Die wenigsten möchten eines ihrer Projekte hervorheben. Entworfene Häuser sind wie großgezogene Kinder, die legt man nicht weg und stellt sie nicht öffentlich über andere. Die Werkliste kommt einer Prozessliste gleich – was hat man wo gelernt? Das Reflektieren über das eigene Werk spült auch vieles an Haltung und Prinzipien zu Tage. Und dennoch resümiert eine der Befragten: „Was uns ArchitektInnen alles einfällt, bleibt der Gesellschaft eigentlich verschlossen.“ Das betrifft Wettbewerbsprojekte, abgebrochene Bauvorhaben, versandete Eigeninitiativen etc. Wohl kaum ein dienstleistender Berufsstand hinterlässt so ein ungeheures Konvolut an unbezahlten Ideen und Konzepten. Man bekommt zum Ausgleich anderes: „Aus Projekten entstehen Freundschaften, und dadurch potenziert sich für uns die Bedeutung enorm.“
Und worüber sollten ArchitektInnen sonst noch reden, einen Diskurs anzetteln?

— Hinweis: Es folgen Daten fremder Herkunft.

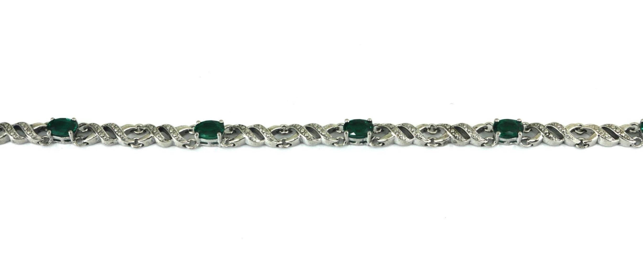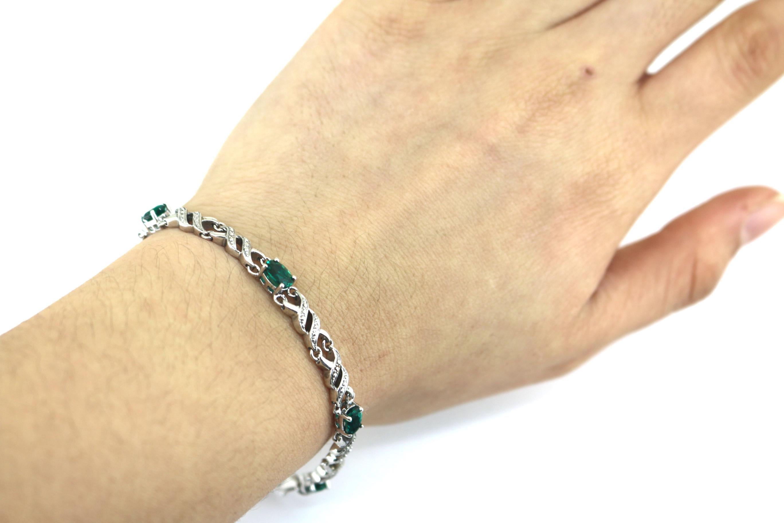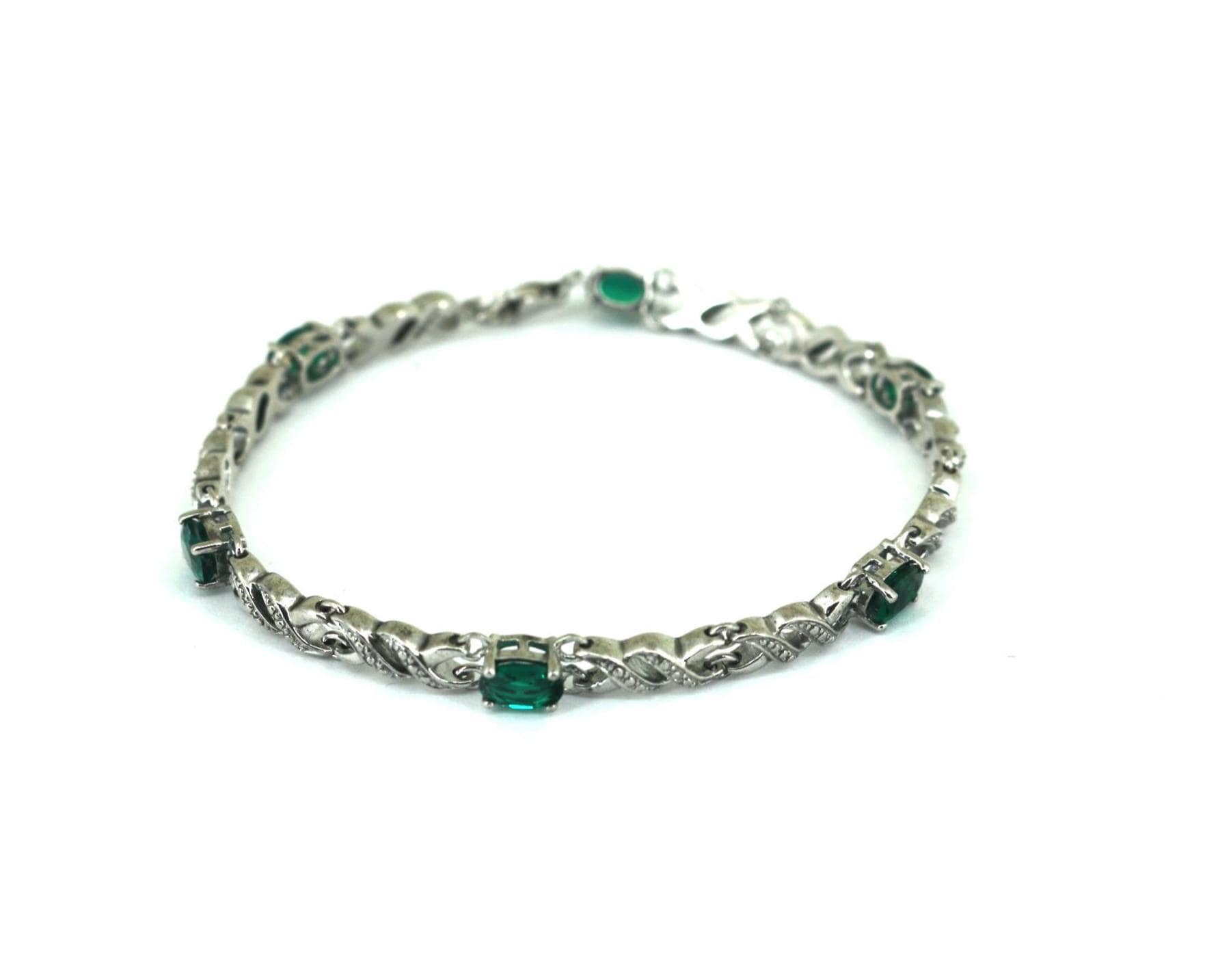 Vintage Emerald Green CZ Links Tennis Bracelet 925 Sterling BR 249

Noch immer über die SCHÖNHEIT und den KERN der ARCHITEKTUR. Über die BANALITÄT der GESETZE und die ANGEMESSENHEIT. Zwingend auch über FACH-INTELLIGENZEN und GENERALISTEN, die das Gesamtwerk im Blick behalten. Über eine ganzheitlich betrachtete ÖKOLOGIE und wie und wo PARTIZIPATION Sinn macht. Wir sollten dringend über die STADT und deren Gegenteil, die ZERSIEDLUNG, reden. Das sollten ArchitektInnen untereinander tun, aber: „Diskutiert wird auf der Ebene von Politik, Development und dies über die Medien, die ‚Allgemeinstimmung‘ spiegeln und diese teilweise sehr verkürzt und billig aufbereiten. Das Ganze ist jedoch dermaßen komplex, es lässt sich nicht in ein Twitter-Format pressen.“
„Wenn WIR die Stadt nicht bauen, wird sie investiert. Dann hat sie die räumliche, städtebauliche, soziale Qualität einer Aktie [...] Eine Aktie gehört ins Schließfach und nicht ans Seeufer!“, tönt es eindringlich aus Kärnten. Ja, diese Dinge gehören gesagt, aufgeschrieben und verbreitet! nextroom bietet nicht nur im Netz die Plattform dafür, sondern bündelt diese Standpunkte im vorliegenden Buch. Das Kompendium ist ein aufschlussreiches Zeugnis des kollektiven Pouvoirs der ArchitektInnenschaft, ihrer Reflexion eigener Ansprüche und Möglichkeiten sowie ihrer Lebensrealität. Denn in der Regel ist ihr Beruf ihr Leben. „Nur wenn sich ArchitektInnen als AnwältInnen einer Öffentlichkeit, als GestalterInnen von Baukultur begreifen, wird Nachhaltiges entstehen. Wenn wir lediglich bedarfsorientiert auf die Bedürfnisse von Investoren reagieren, schränken wir das große Spektrum von Architektur, die weit über hundert Jahre wirken könnte, auf eine mickrige Gegenwart ein.“
Damit aus mickriger Gegenwart grandiose Zukunft werden möge, wünsche ich mir, dass dieses Buch an viele EntscheidungsträgerInnen verschenkt und es auch jenseits der ArchitektInnenschaft LeserInnen finden werde. Damit sich Dinge ändern, braucht es viele, vor allem Verbündete.
»33 Interviews zur Architektur« geführt von Martina Pfeifer Steiner, Fotografien Lukas Hämmerle, mit einem Apéro von Marina Hämmerle. Herausgeber nextroom, erscheint im Verlag Müry Salzmann, September 2019. Buchpräsentationen sind im Herbst geplant, in Salzburg, Wien, Klagenfurt, Graz, Innsbruck und Dornbirn.